-- Your task --
Write out the records again exactly. Nothing should be dropped.

-- Provided records --
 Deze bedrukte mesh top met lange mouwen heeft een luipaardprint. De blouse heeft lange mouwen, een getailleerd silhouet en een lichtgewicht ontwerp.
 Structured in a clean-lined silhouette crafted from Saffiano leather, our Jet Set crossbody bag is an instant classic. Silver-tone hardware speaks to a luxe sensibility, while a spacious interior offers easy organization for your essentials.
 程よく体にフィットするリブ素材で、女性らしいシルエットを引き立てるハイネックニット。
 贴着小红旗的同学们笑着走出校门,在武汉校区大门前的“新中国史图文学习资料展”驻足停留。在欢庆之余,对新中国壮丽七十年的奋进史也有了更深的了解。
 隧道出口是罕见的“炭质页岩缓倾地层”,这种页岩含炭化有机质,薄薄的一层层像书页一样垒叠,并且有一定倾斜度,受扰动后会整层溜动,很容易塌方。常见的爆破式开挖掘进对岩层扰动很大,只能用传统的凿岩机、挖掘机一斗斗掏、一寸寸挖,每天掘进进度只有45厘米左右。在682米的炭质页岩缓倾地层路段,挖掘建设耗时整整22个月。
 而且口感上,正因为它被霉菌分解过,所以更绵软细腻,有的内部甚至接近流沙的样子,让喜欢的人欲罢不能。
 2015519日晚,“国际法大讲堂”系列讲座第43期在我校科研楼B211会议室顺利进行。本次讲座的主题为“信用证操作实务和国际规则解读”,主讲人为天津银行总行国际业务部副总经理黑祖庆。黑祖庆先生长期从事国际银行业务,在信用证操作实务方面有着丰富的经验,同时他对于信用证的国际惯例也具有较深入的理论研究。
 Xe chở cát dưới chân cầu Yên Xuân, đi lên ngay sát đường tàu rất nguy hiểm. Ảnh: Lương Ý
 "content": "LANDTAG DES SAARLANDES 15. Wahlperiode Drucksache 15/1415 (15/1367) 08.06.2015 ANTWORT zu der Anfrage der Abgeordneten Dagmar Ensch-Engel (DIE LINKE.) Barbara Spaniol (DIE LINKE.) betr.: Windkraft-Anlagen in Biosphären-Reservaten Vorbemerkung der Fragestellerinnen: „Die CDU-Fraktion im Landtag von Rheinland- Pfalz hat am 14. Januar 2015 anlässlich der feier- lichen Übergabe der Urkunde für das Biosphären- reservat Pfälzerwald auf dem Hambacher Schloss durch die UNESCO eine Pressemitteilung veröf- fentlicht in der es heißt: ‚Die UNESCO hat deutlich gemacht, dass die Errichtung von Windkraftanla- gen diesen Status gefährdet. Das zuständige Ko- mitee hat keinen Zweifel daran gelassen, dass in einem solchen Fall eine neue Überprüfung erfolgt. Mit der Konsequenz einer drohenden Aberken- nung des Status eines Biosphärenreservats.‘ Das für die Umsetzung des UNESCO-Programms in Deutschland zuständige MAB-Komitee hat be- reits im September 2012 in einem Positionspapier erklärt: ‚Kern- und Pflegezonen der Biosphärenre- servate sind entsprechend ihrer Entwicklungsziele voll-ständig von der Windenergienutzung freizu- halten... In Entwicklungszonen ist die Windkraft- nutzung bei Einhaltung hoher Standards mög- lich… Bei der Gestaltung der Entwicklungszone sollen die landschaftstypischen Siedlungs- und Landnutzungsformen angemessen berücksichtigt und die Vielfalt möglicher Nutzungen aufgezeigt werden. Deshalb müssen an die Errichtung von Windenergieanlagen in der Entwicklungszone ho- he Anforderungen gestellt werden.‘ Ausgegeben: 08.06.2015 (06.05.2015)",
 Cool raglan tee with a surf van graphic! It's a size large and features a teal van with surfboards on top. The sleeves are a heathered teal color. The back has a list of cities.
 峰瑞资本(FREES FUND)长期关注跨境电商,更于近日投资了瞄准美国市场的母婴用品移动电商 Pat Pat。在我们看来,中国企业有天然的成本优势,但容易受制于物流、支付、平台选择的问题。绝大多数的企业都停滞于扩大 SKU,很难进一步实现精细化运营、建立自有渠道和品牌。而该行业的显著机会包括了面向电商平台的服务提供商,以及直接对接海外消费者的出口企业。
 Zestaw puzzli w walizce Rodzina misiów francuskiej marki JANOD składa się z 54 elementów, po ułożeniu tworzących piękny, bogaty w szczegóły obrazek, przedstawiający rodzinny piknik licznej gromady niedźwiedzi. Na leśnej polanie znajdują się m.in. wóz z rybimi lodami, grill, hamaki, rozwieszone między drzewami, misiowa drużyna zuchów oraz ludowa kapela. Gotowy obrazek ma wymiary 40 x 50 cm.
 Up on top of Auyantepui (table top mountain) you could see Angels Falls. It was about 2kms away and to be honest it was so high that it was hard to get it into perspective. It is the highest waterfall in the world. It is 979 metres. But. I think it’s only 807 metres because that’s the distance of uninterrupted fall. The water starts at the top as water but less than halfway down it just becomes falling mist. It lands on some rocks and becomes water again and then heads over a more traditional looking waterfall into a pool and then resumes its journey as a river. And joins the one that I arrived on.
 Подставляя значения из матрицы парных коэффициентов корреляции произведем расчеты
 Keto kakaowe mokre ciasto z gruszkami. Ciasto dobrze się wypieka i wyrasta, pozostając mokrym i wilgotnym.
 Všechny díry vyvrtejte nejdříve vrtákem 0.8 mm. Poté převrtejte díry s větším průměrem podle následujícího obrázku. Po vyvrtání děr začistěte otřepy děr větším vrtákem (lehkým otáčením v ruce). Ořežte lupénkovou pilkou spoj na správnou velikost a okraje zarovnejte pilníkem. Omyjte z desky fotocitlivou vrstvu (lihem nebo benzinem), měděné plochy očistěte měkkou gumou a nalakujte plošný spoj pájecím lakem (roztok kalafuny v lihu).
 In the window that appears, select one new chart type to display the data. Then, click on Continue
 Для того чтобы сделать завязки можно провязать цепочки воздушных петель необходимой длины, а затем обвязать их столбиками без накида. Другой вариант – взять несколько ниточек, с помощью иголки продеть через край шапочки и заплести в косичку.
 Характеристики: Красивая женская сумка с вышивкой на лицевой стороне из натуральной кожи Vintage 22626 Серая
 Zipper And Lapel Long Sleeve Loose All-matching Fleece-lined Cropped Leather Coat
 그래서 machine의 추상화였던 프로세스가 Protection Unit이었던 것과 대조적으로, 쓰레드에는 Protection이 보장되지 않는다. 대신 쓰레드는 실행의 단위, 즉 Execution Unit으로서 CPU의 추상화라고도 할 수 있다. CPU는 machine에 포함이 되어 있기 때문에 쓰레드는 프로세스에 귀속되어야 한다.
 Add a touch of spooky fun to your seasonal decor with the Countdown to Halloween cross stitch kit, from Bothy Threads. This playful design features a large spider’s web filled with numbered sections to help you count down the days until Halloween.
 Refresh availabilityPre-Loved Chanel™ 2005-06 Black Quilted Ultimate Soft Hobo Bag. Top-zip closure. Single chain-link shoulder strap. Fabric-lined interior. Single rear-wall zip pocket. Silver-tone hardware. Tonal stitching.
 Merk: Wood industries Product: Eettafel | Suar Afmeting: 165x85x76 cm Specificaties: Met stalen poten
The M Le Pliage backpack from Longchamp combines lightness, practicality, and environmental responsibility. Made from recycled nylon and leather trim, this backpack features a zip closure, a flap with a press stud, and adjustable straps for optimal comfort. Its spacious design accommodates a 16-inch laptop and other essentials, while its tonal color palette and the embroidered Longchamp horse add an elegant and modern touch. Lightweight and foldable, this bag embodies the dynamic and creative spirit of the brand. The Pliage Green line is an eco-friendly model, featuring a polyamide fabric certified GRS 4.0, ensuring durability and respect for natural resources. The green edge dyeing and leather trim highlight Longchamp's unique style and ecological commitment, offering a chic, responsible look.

-- Solution --
 Deze bedrukte mesh top met lange mouwen heeft een luipaardprint. De blouse heeft lange mouwen, een getailleerd silhouet en een lichtgewicht ontwerp.
 Structured in a clean-lined silhouette crafted from Saffiano leather, our Jet Set crossbody bag is an instant classic. Silver-tone hardware speaks to a luxe sensibility, while a spacious interior offers easy organization for your essentials.
 程よく体にフィットするリブ素材で、女性らしいシルエットを引き立てるハイネックニット。
 贴着小红旗的同学们笑着走出校门,在武汉校区大门前的“新中国史图文学习资料展”驻足停留。在欢庆之余,对新中国壮丽七十年的奋进史也有了更深的了解。
 隧道出口是罕见的“炭质页岩缓倾地层”,这种页岩含炭化有机质,薄薄的一层层像书页一样垒叠,并且有一定倾斜度,受扰动后会整层溜动,很容易塌方。常见的爆破式开挖掘进对岩层扰动很大,只能用传统的凿岩机、挖掘机一斗斗掏、一寸寸挖,每天掘进进度只有45厘米左右。在682米的炭质页岩缓倾地层路段,挖掘建设耗时整整22个月。
 而且口感上,正因为它被霉菌分解过,所以更绵软细腻,有的内部甚至接近流沙的样子,让喜欢的人欲罢不能。
 2015519日晚,“国际法大讲堂”系列讲座第43期在我校科研楼B211会议室顺利进行。本次讲座的主题为“信用证操作实务和国际规则解读”,主讲人为天津银行总行国际业务部副总经理黑祖庆。黑祖庆先生长期从事国际银行业务,在信用证操作实务方面有着丰富的经验,同时他对于信用证的国际惯例也具有较深入的理论研究。
 Xe chở cát dưới chân cầu Yên Xuân, đi lên ngay sát đường tàu rất nguy hiểm. Ảnh: Lương Ý
 "content": "LANDTAG DES SAARLANDES 15. Wahlperiode Drucksache 15/1415 (15/1367) 08.06.2015 ANTWORT zu der Anfrage der Abgeordneten Dagmar Ensch-Engel (DIE LINKE.) Barbara Spaniol (DIE LINKE.) betr.: Windkraft-Anlagen in Biosphären-Reservaten Vorbemerkung der Fragestellerinnen: „Die CDU-Fraktion im Landtag von Rheinland- Pfalz hat am 14. Januar 2015 anlässlich der feier- lichen Übergabe der Urkunde für das Biosphären- reservat Pfälzerwald auf dem Hambacher Schloss durch die UNESCO eine Pressemitteilung veröf- fentlicht in der es heißt: ‚Die UNESCO hat deutlich gemacht, dass die Errichtung von Windkraftanla- gen diesen Status gefährdet. Das zuständige Ko- mitee hat keinen Zweifel daran gelassen, dass in einem solchen Fall eine neue Überprüfung erfolgt. Mit der Konsequenz einer drohenden Aberken- nung des Status eines Biosphärenreservats.‘ Das für die Umsetzung des UNESCO-Programms in Deutschland zuständige MAB-Komitee hat be- reits im September 2012 in einem Positionspapier erklärt: ‚Kern- und Pflegezonen der Biosphärenre- servate sind entsprechend ihrer Entwicklungsziele voll-ständig von der Windenergienutzung freizu- halten... In Entwicklungszonen ist die Windkraft- nutzung bei Einhaltung hoher Standards mög- lich… Bei der Gestaltung der Entwicklungszone sollen die landschaftstypischen Siedlungs- und Landnutzungsformen angemessen berücksichtigt und die Vielfalt möglicher Nutzungen aufgezeigt werden. Deshalb müssen an die Errichtung von Windenergieanlagen in der Entwicklungszone ho- he Anforderungen gestellt werden.‘ Ausgegeben: 08.06.2015 (06.05.2015)",
 Cool raglan tee with a surf van graphic! It's a size large and features a teal van with surfboards on top. The sleeves are a heathered teal color. The back has a list of cities.
 峰瑞资本(FREES FUND)长期关注跨境电商,更于近日投资了瞄准美国市场的母婴用品移动电商 Pat Pat。在我们看来,中国企业有天然的成本优势,但容易受制于物流、支付、平台选择的问题。绝大多数的企业都停滞于扩大 SKU,很难进一步实现精细化运营、建立自有渠道和品牌。而该行业的显著机会包括了面向电商平台的服务提供商,以及直接对接海外消费者的出口企业。
 Zestaw puzzli w walizce Rodzina misiów francuskiej marki JANOD składa się z 54 elementów, po ułożeniu tworzących piękny, bogaty w szczegóły obrazek, przedstawiający rodzinny piknik licznej gromady niedźwiedzi. Na leśnej polanie znajdują się m.in. wóz z rybimi lodami, grill, hamaki, rozwieszone między drzewami, misiowa drużyna zuchów oraz ludowa kapela. Gotowy obrazek ma wymiary 40 x 50 cm.
 Up on top of Auyantepui (table top mountain) you could see Angels Falls. It was about 2kms away and to be honest it was so high that it was hard to get it into perspective. It is the highest waterfall in the world. It is 979 metres. But. I think it’s only 807 metres because that’s the distance of uninterrupted fall. The water starts at the top as water but less than halfway down it just becomes falling mist. It lands on some rocks and becomes water again and then heads over a more traditional looking waterfall into a pool and then resumes its journey as a river. And joins the one that I arrived on.
 Подставляя значения из матрицы парных коэффициентов корреляции произведем расчеты
 Keto kakaowe mokre ciasto z gruszkami. Ciasto dobrze się wypieka i wyrasta, pozostając mokrym i wilgotnym.
 Všechny díry vyvrtejte nejdříve vrtákem 0.8 mm. Poté převrtejte díry s větším průměrem podle následujícího obrázku. Po vyvrtání děr začistěte otřepy děr větším vrtákem (lehkým otáčením v ruce). Ořežte lupénkovou pilkou spoj na správnou velikost a okraje zarovnejte pilníkem. Omyjte z desky fotocitlivou vrstvu (lihem nebo benzinem), měděné plochy očistěte měkkou gumou a nalakujte plošný spoj pájecím lakem (roztok kalafuny v lihu).
 In the window that appears, select one new chart type to display the data. Then, click on Continue
 Для того чтобы сделать завязки можно провязать цепочки воздушных петель необходимой длины, а затем обвязать их столбиками без накида. Другой вариант – взять несколько ниточек, с помощью иголки продеть через край шапочки и заплести в косичку.
 Характеристики: Красивая женская сумка с вышивкой на лицевой стороне из натуральной кожи Vintage 22626 Серая
 Zipper And Lapel Long Sleeve Loose All-matching Fleece-lined Cropped Leather Coat
 그래서 machine의 추상화였던 프로세스가 Protection Unit이었던 것과 대조적으로, 쓰레드에는 Protection이 보장되지 않는다. 대신 쓰레드는 실행의 단위, 즉 Execution Unit으로서 CPU의 추상화라고도 할 수 있다. CPU는 machine에 포함이 되어 있기 때문에 쓰레드는 프로세스에 귀속되어야 한다.
 Add a touch of spooky fun to your seasonal decor with the Countdown to Halloween cross stitch kit, from Bothy Threads. This playful design features a large spider’s web filled with numbered sections to help you count down the days until Halloween.
 Refresh availabilityPre-Loved Chanel™ 2005-06 Black Quilted Ultimate Soft Hobo Bag. Top-zip closure. Single chain-link shoulder strap. Fabric-lined interior. Single rear-wall zip pocket. Silver-tone hardware. Tonal stitching.
 Merk: Wood industries Product: Eettafel | Suar Afmeting: 165x85x76 cm Specificaties: Met stalen poten
The M Le Pliage backpack from Longchamp combines lightness, practicality, and environmental responsibility. Made from recycled nylon and leather trim, this backpack features a zip closure, a flap with a press stud, and adjustable straps for optimal comfort. Its spacious design accommodates a 16-inch laptop and other essentials, while its tonal color palette and the embroidered Longchamp horse add an elegant and modern touch. Lightweight and foldable, this bag embodies the dynamic and creative spirit of the brand. The Pliage Green line is an eco-friendly model, featuring a polyamide fabric certified GRS 4.0, ensuring durability and respect for natural resources. The green edge dyeing and leather trim highlight Longchamp's unique style and ecological commitment, offering a chic, responsible look.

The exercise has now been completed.